Legal Proceedings. On October 21, 2010, a former employee, individually and on behalf of a purported class consisting of all non-exempt employees who work or worked for American Reprographics Company, LLC and American Reprographics Company in the State of California at any time from October 21, 2006 through October 21, 2010, filed an action against the Company in the Superior Court of California for the County of Orange. The complaint alleges, among other things, that the Company violated the California Labor Code by failing to (i) provide meal and rest periods, or compensation in lieu thereof, (ii) timely pay wages due at termination, and (iii) that those practices also violate the California Business and Professions Code. The relief sought includes damages, restitution, penalties, interest, costs, and attorneys’ fees and such other relief as the court deems proper. The Company has not included any liability in its Consolidated Financial Statements in connection with this matter. The Company cannot reasonably estimate the amount or range of possible loss, if any, at this time.
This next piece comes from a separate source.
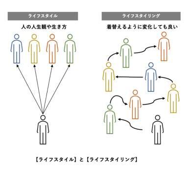 これからの時代のライフスタイルは、時代や価値観の変化に合わせて、服を着替えるようにもっと気軽に多様なものへと変化させても良いのでは?という考え方で、進行形の「ライフスタイリング」という新しい発想を提案します。

In addition to the matter described above, the Company is involved in various additional legal proceedings and other legal matters from time to time in the normal course of business. The Company does not believe that the outcome of any of these matters will have a material adverse effect on its consolidated financial position, results of operations or cash flows.
Comprehensive Loss
Comprehensive Loss
7. Comprehensive Loss
The Company’s comprehensive loss includes foreign currency translation adjustments and the amortized fair value of the swap transaction, net of taxes. The swap transaction was de-designated on December 1, 2010, as it no longer qualified as a cash flow hedge when the cash proceeds from the issuance of the Notes were used to pay off the Company’s previous credit agreement. At that time, the fair value of the swap transaction was computed and the effective portion is recorded in other comprehensive income and will be amortized into income, net of tax effect, on the straight-line method, based on the original notional schedule.
The differences between net loss and comprehensive loss attributable to ARC for the three and nine months ended September 30, 2011 and 2010 are as follows:
                                 
    Three Months Ended     Nine Months Ended  
    September 30,     September 30,  
(In thousands)   2011     2010     2011     2010  
 
                               
Net loss
  $ (41,696 )   $ (25,217 )   $ (130,120 )   $ (22,775 )
Foreign currency translation adjustments
    (308 )     423       275       473  
Gain (loss) on derivative, net of tax effect
    871       55       2,737       (119 )
 
                       
Comprehensive loss
    (41,133 )     (24,739 )     (127,108 )     (22,421 )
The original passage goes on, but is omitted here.